It’s Best Of Week on The Academic Minute. In our second most listened to segment of 2022, Rachael Woldoff, professor of sociology at West Virginia University, explored the world of digital nomads.
Rachael A. Woldoff is an urban sociologist and Professor of Sociology. She received a PhD in sociology from The Ohio State University, specializing in crime and community. Her research and publications have focused on neighborhood crime and disorder, urban redevelopment, and racial/ethnic differences in neighborhood attainment, as well as the subjects of neighborhood racial change, gentrification, housing, and creative class cities. Her work has appeared in journals such as Social Forces , Urban Affairs Review, and Urban Studies. Her book, White Flight/Black Flight: The Dynamics of Racial Change in an American Neighborhood, was awarded the Best Book Award from the Urban Affairs Association. Dr. Woldoff received the Eberly College of Arts and Sciences Outstanding Researcher Award. She has coauthored three other books including High Stakes: Big Time Sports and Downtown Redevelopment (The Ohio State University Press 2004) and Priced Out: Stuyvesant Town and the Loss of Middle-Class Neighborhoods (New York University Press 2016). Dr. Woldoff was elected Chair of the American Sociological Association’s Community and Urban Sociology Section (CUSS). She is Deputy Editor of the ASA journal City and Community . She has also been elected to the Governing Board of the Urban Affairs Association (UAA). Her newest book, Digital Nomads: In Search of Freedom, Community, and Meaningful Work in the New Economy (Oxford University Press 2021), examines community, creative class cities, and the rise of remote work. Her newest research is on public housing residents and their experiences of forced relocation.
Digital Nomads
For too long, our jobs have determined where we live. Conversely, where we live has geographically limited our work opportunities. However, work is changing. The Covid-19 pandemic has increased the number of off-site professional jobs. Our research on digital nomads – people who travel long-term while working online –shows that it is possible to live in one’s desired location without derailing, restarting, or even sacrificing one’s career. This marks a new way to look at life choices and career longevity.
As an urban sociologist, I have made a career of studying places by hanging out with people in their communities. My coauthor on this research, Robert Litchfield, is a management professor who studies motivation in creative work. Together, we visited an established digital nomad hub in Bali and spent time with people who have migrated all over the world while working remotely. We learned that the freedom to live wherever you want and even to change that location whenever you want can be a powerful motivating force drawing people to further engage with their work.

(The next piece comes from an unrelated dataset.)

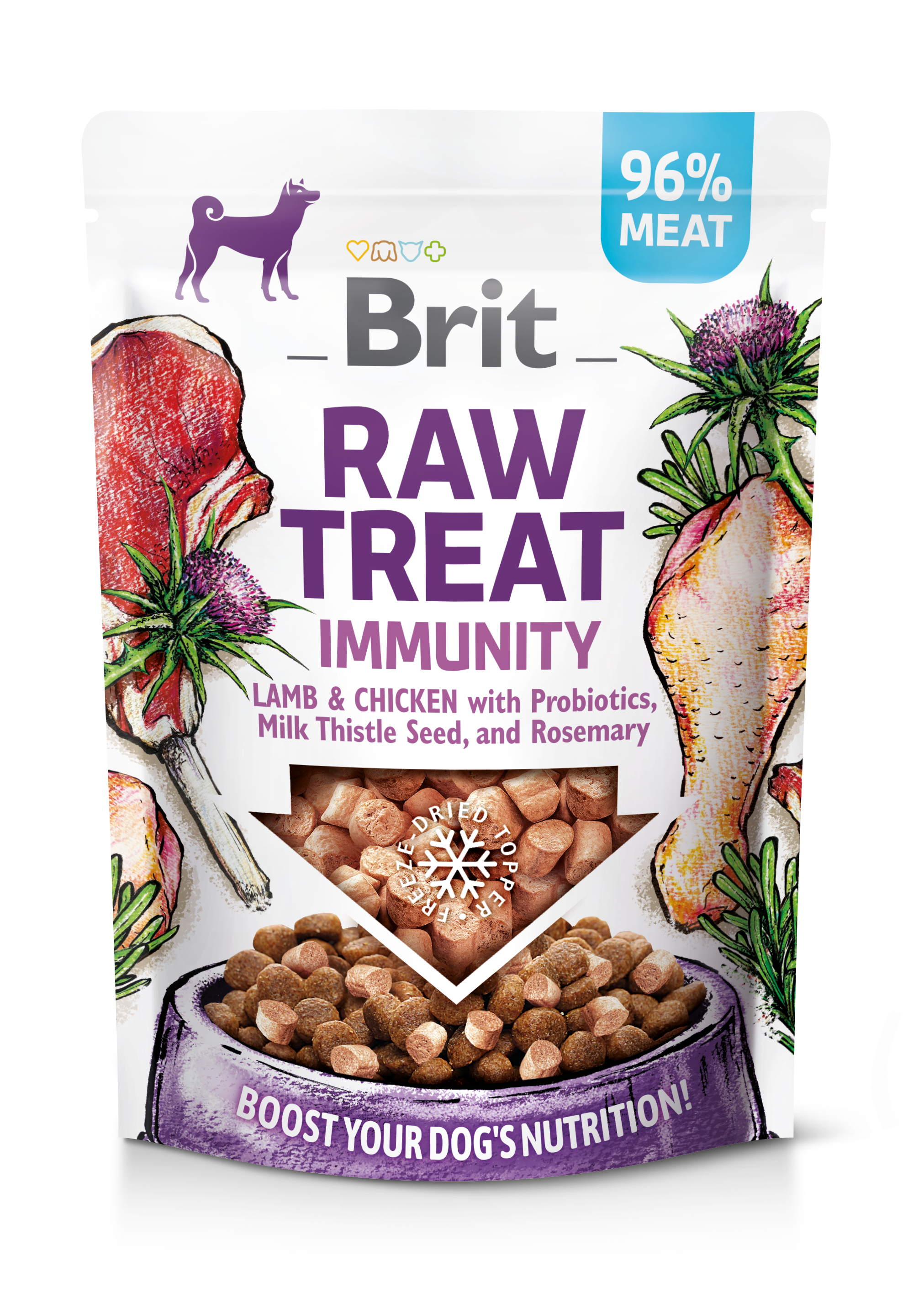 Brit Raw Treat Dog Immunity Lamb & Chicken with Probiotics, Milk Thistle Seed and Rosemary to wyśmienite, liofilizowane przekąski, które mogą służyć zarówno jako przysmaki treningowe, jak i toppery (“dosmaczacze”) poprawiające smakowitość karmy. Jagnięcina i kurczak zostały wzbogacone probiotykami, ostropestem plamistym i rozmarynem - wszystko w trosce o budowanie odporności organizmu psa. Proces liofilizacji sprawia, że smakołyki zachowują wartości odżywcze zbliżone do surowej żywności lub diety BARF, oferując przy tym potencjalne korzyści zdrowotne dla zwierząt domowych. Brit Raw Treat są lekkostrawne i wybitnie smakowite, przez co stanowią doskonałą opcję żywieniową dla psów z problemami trawiennymi, o wysokich wymaganiach lub gorszym apetycie spowodowanym naturalnymi procesami starzenia się organizmu.

Even if we don’t want to travel the world, digital nomads have shown us the benefits of “working from anywhere” (WFA). The “great resignation” has revealed that preferences for remote and hybrid work are not limited to millennials and Gen Z employees, but extend to parents of young children, older workers, individuals living with disabilities, minoritized people, and those with responsibilities to care for family members. The pandemic exposed the wider world to the wisdom of digital nomads. We cannot unring the bell. As we reconsider our priorities after the trauma of the pandemic, it is becoming clear that flexibility to work from anywhere without compromising our jobs may be the key to increasing life satisfaction and may even transform our entire conception of career longevity as we age.